Cheol Joo Park, Se Ung Chon
Department of Anesthesiology, Catholic Medical College, Seoul, Korea.
Abstract
Cardiopulmonary dysfunction in deformity of the spine had been recognized and complicated with surgical risk. The deformity of the bony thoracic cage reduces its capacity and also impairs the action of the inspiratory muscles will increase work of breathing. Progression of the deformity, the work of breathing and arterial desaturation were further increased. Primary alveolar hypoventilation will produce hypoxemia and resulting in polycythemia and increased pulmonary vascular resistance, and causespulmonary hypertension and congestive heart failure. The end result is similar to the cardiopulmonary failure of primary alveolar hypoventilation and of chronic obstructive bronchitis. Two cases of severe kyphoscoliosis were anesthetised for appendectomy and caesarean section.
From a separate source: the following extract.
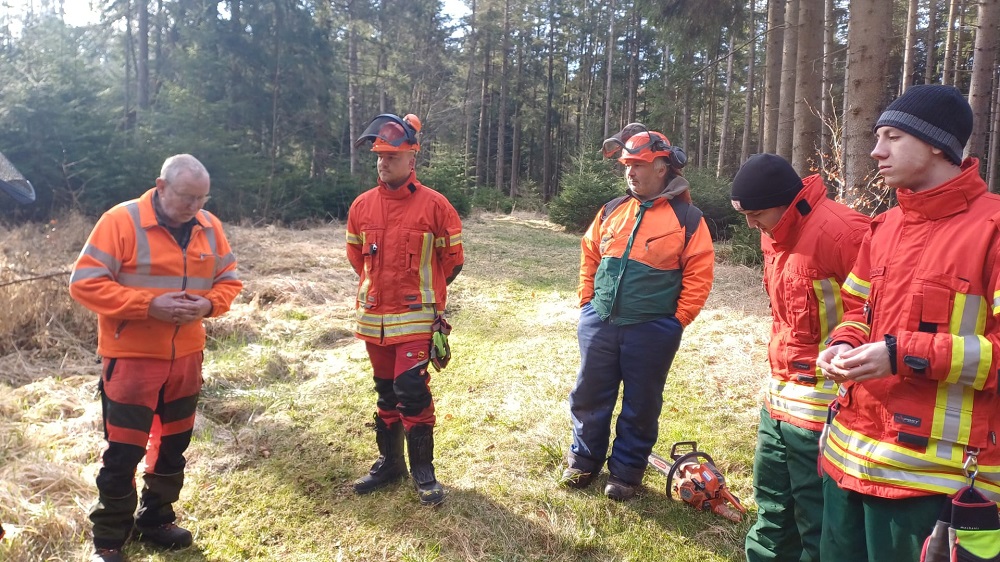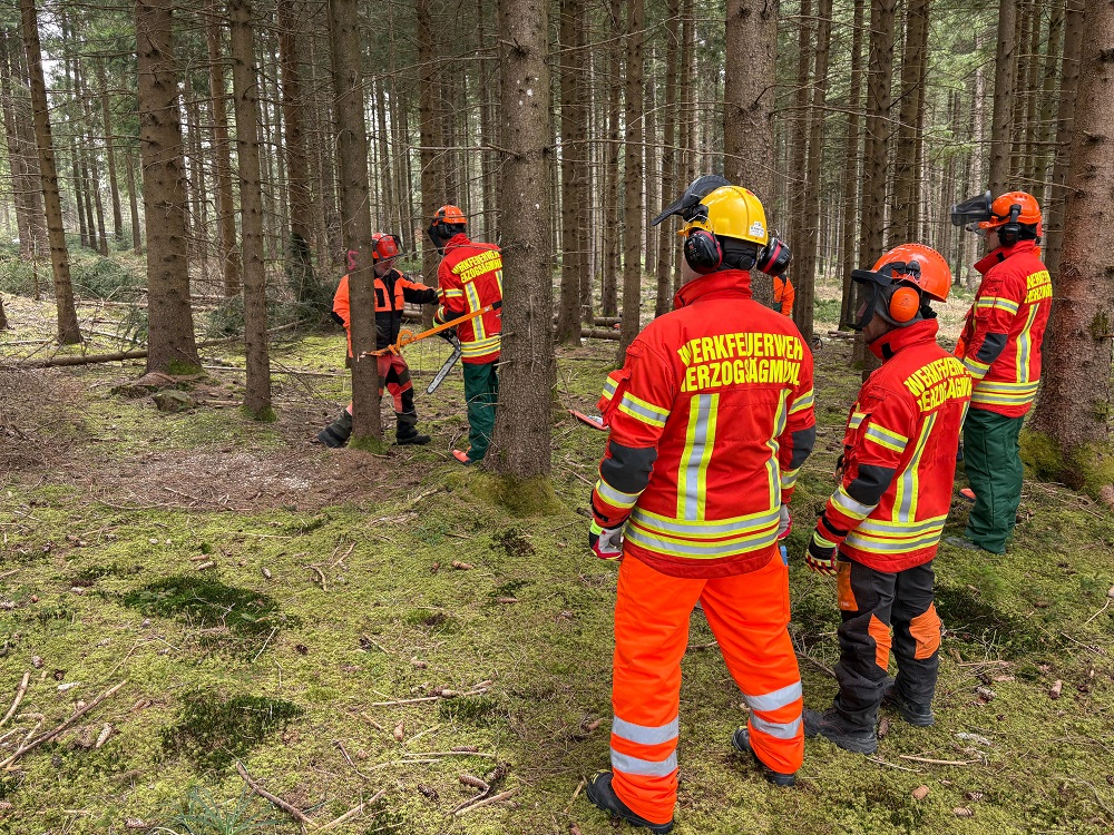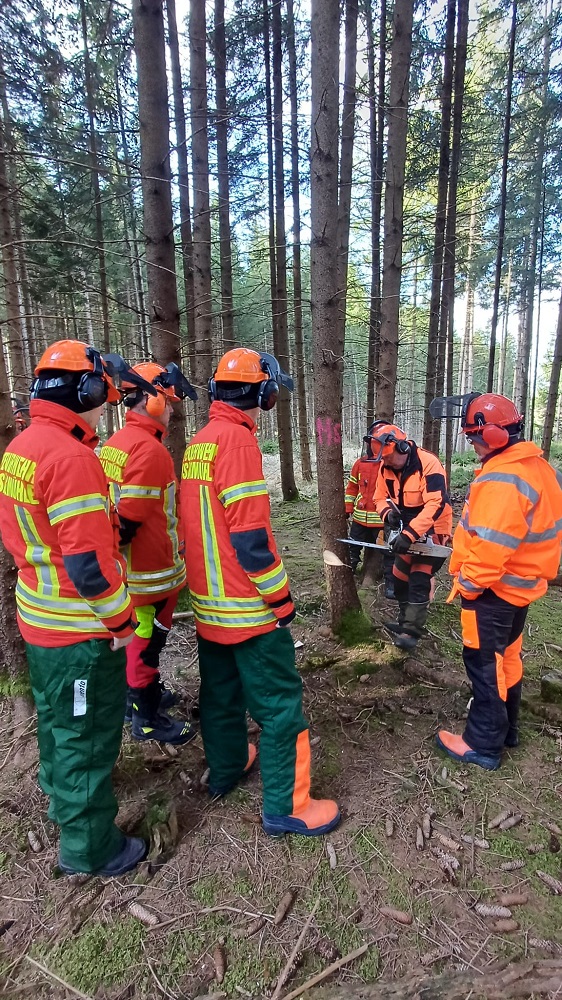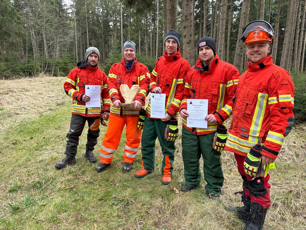 Gleich fünf Einsatzkräfte der Werkfeuerwehr nahmen an einem 2-tägigen Motorsägen-Grundlehrgang in Herzogsägmühle teil: Lukas Altmann, Andreas Huber, Markus Metty, Jonas Wollenweber und Patrick Zeber wurden zu den Themen Grundfertigkeiten in der sicheren Handhabung von Motorsägen, Vertrautheit mit den Grundregeln der Arbeitssicherheit bzw. der Unfallverhütung im Umgang mit der Motorsäge, Einblicke (mit Praxisteil) in die Schneide- und Fälltechnik und Grundkenntnisse der Motorsägentechnik ausgebildet.

Anesthetic management of the severe kyphoscoliosis should be focused on the cardiopulmonary dysfunction. In this respect, for the surgical patient with kyphoscoliosis, it is very important to detect the reduced cardiopulmonary function and to consider the prevention or treatment of postoperative pulmonary complication by use an antibiotics, IPPB with oxygen, tracheobronchial toilet, venesection, digitalization and diuretics.